Bolton makes one other argument:

Article I provides that “when the President of the United States is tried, the Chief Justice shall preside.” Former presidents are not mentioned, so the better view is that Chief Justice John Roberts should soon decide that he will not preside over the Senate trial.

But the clause’s real importance is in the light it sheds on the fundamental jurisdictional issue of whether post-incumbency impeachment trials are permissible at all.

If fairness to an impeached incumbent president, in the extraordinary circumstances of a Senate trial, requires the chief justice to preside, why doesn’t fairness also require the chief to preside after a president leaves office? Did the Framers believe that it was acceptable to be less fair to a former president — as many would say if Vice President Kamala Harris or Senate President Pro Tempore Patrick Leahy presided? The only logical conclusion we can draw from this dilemma, reinforcing the points made above, is that there is no constitutional warrant here for a Senate trial.

On the matter of whether Chief Justice Roberts should have chosen to preside, I have no view. But to the point about fairness I think there is a good functional answer, which Andrew C. McCarthy has already given. Andy writes:

In terms of the trial’s public legitimacy, . . . leaving it to the Senate created an obvious problem: The presiding officer of the Senate, the vice president of the United States, would have a conflict of interest. If the president were impeached and removed, the vice president would accede to the presidency. Thus the vice president would have a motive to influence the trial in favor of conviction.

It is to avoid this specter that the Constitution provides for the chief justice’s participation. The role is more ceremonial than substantive. The Senate retains plenary authority over impeachment and may overrule the chief justice (just as in non-presidential impeachments, in which the chief justice has no role, the full Senate may overrule the presiding official).

Unlike an incumbent president’s impeachment trial, a Senate trial of former President Trump would present no conflict of interest for the current vice president. Trump is out of office. Were he convicted, it would have no effect on Vice President Kamala Harris.
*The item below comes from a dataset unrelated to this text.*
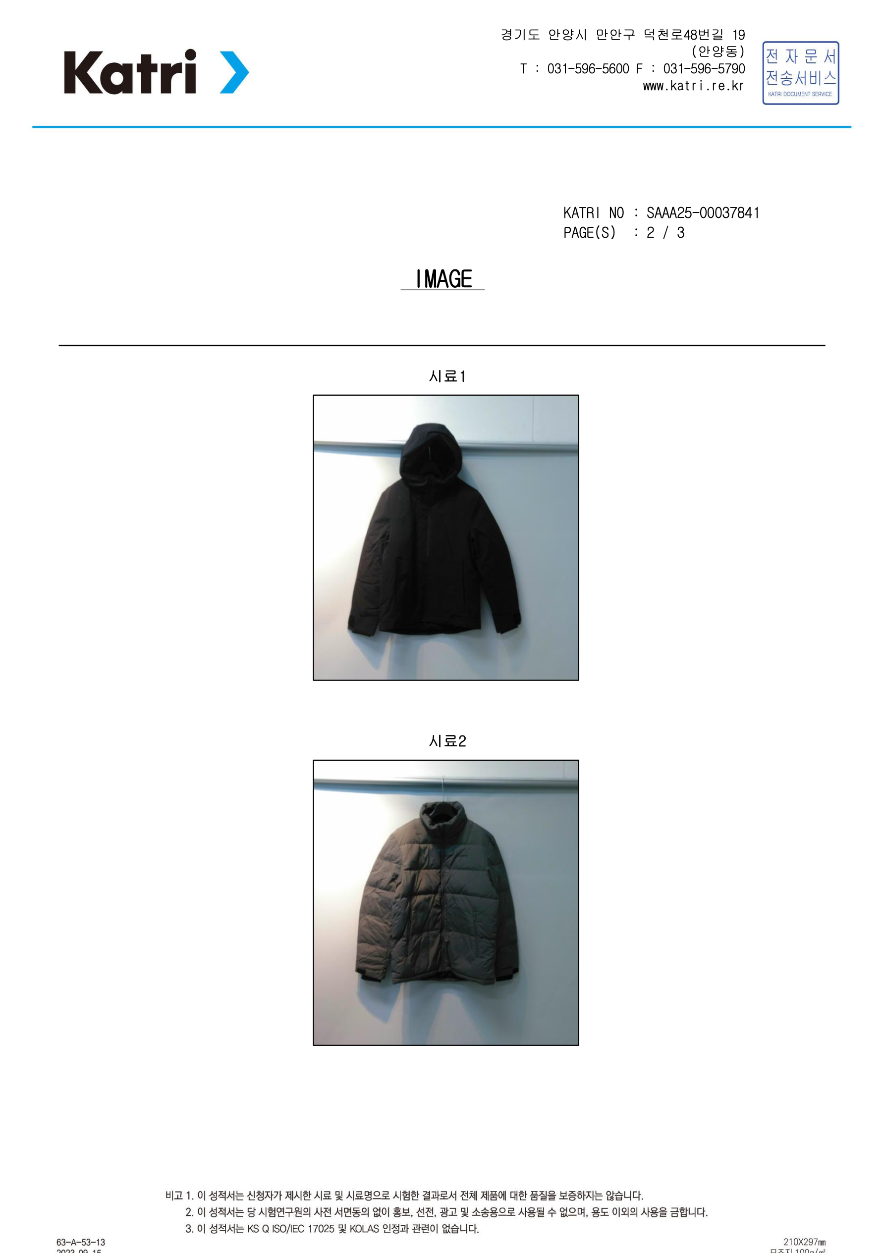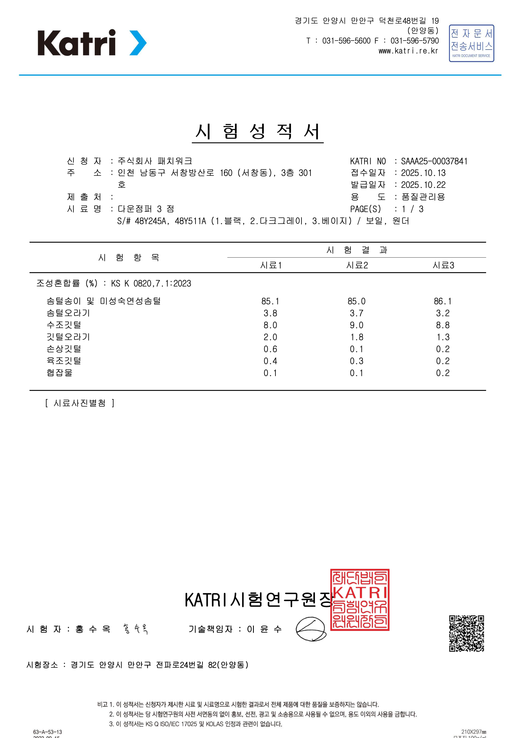 • 덕다운(오리털) 충전재 시험성적서 (한국의류시험연구원 KATRI 발행)

President Biden would remain president.

So there you have it: The crucial consideration is not “fairness” (a vague notion in Bolton’s deployment of it) but the avoidance of a conflict of interest.

***

Wouldn’t it be nice if the Republican senators who don’t want to hold a trial, each and every blessèd one of them, bothered to explain why the Constitution (supposedly) doesn’t allow them to? Or at least told us whose explanation they have found most persuasive, which arguments they are accepting? Is it too much to ask that they reason with their disagreeing colleagues, and the public at large, on a matter of such importance? Instead of just having some secretive lunch with Jonathan Turley, harrumphing the word “unconstitutional,” and trying to shut the whole thing down? It’s almost like they don’t even care about the Constitution and just wanted to pull a political stunt in service of their personal and partisan interests. But Republicans would never do that, would they?